ASSIGNMENT: Please return the full listing exactly as written, with the images removed.

GIVEN INFORMATION:
****************
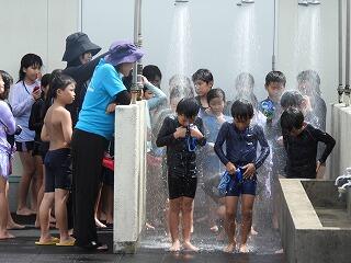 今年最後のプールでは、3年生も4年生もどれだけ泳げるようになったか記録を取った後、自由時間を楽しんでいました。楽しい時間が過ぎ、プールに向かってお礼のお辞儀をすると、最後のシャワーを浴びてプールとさよなら。
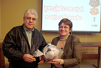 Jorge Luis Vieira da Cunha entrega bola da Toyota para a coordenadora da Secretaria Municipal da Educação de Porto Alegre Maria do Carmo Souza
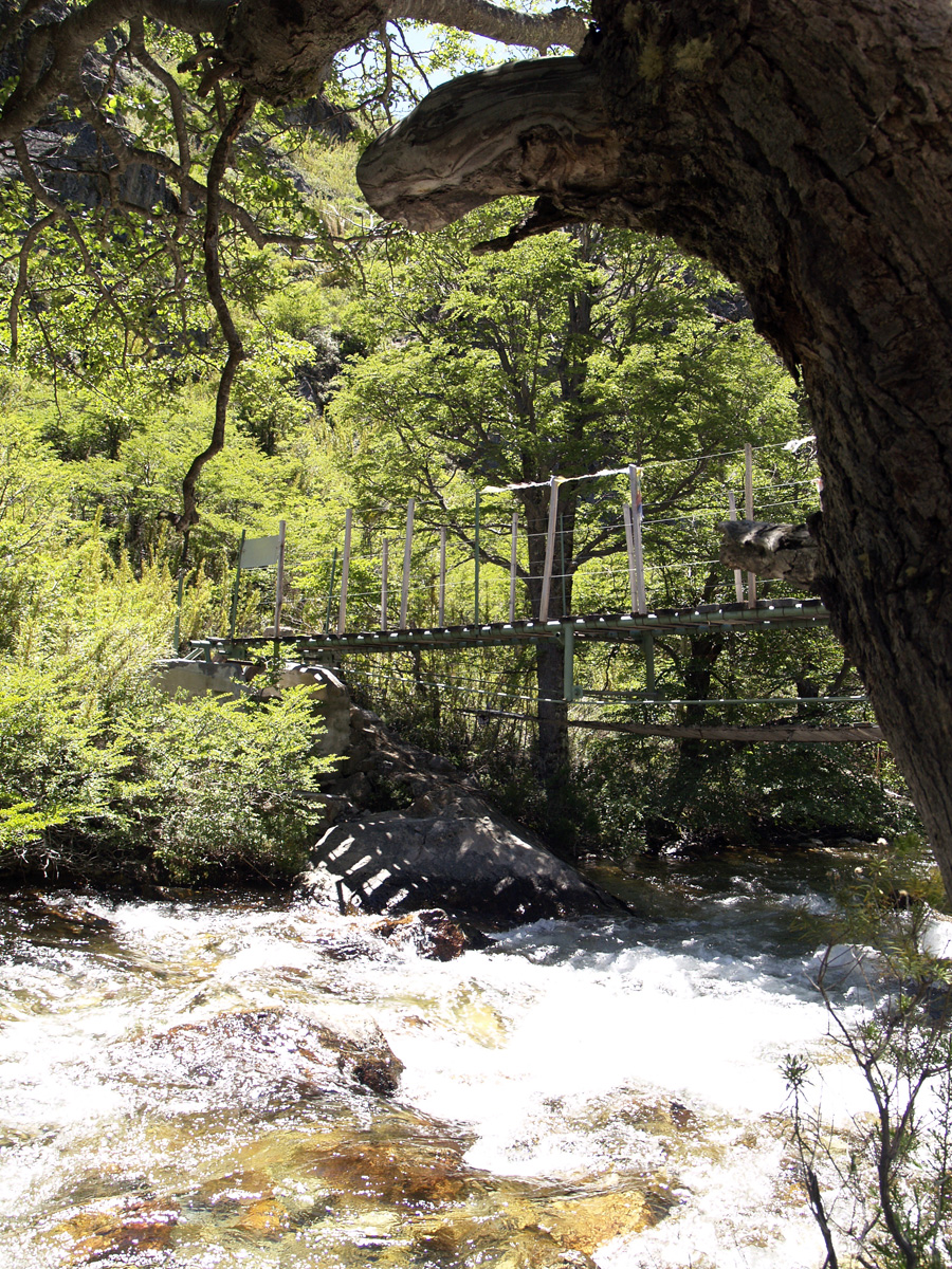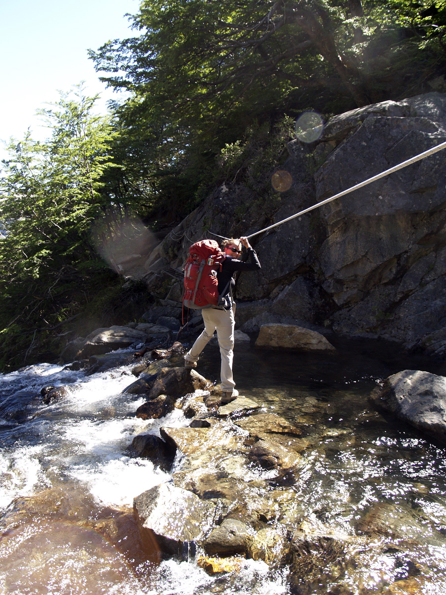 La nuit fût bonne et nous nous réveillons à 8 h 30 sous un ciel bleu et un grand soleil. Ça commence bien. Nous déjeunons, remballons nos affaires et repartons pour Bariloche. 15 km de sentiers nous attendent, suivis de 6 kilomètres sur la route de gravier avant de retrouver la route sur laquelle passent les bus. Le trajet se passe pour la majorité dans les bois, et nous traversons de nombreux cours d’eau. Stéphane tombe dans la boue au départ (ben oui, y en faut pour tout le monde…), puis nous croisons quelques difficultés, comme le passage à gué suspendus à une corde. C’est plutôt rigolo, et beaucoup moins technique qu’hier. Cependant, le début est tout de même assez pénible pour les genoux, puisqu’il s’agit d’une grosse descente de 400 m de dénivelé.
****************
FINAL ANSWER:
 今年最後のプールでは、3年生も4年生もどれだけ泳げるようになったか記録を取った後、自由時間を楽しんでいました。楽しい時間が過ぎ、プールに向かってお礼のお辞儀をすると、最後のシャワーを浴びてプールとさよなら。
 Jorge Luis Vieira da Cunha entrega bola da Toyota para a coordenadora da Secretaria Municipal da Educação de Porto Alegre Maria do Carmo Souza
 La nuit fût bonne et nous nous réveillons à 8 h 30 sous un ciel bleu et un grand soleil. Ça commence bien. Nous déjeunons, remballons nos affaires et repartons pour Bariloche. 15 km de sentiers nous attendent, suivis de 6 kilomètres sur la route de gravier avant de retrouver la route sur laquelle passent les bus. Le trajet se passe pour la majorité dans les bois, et nous traversons de nombreux cours d’eau. Stéphane tombe dans la boue au départ (ben oui, y en faut pour tout le monde…), puis nous croisons quelques difficultés, comme le passage à gué suspendus à une corde. C’est plutôt rigolo, et beaucoup moins technique qu’hier. Cependant, le début est tout de même assez pénible pour les genoux, puisqu’il s’agit d’une grosse descente de 400 m de dénivelé.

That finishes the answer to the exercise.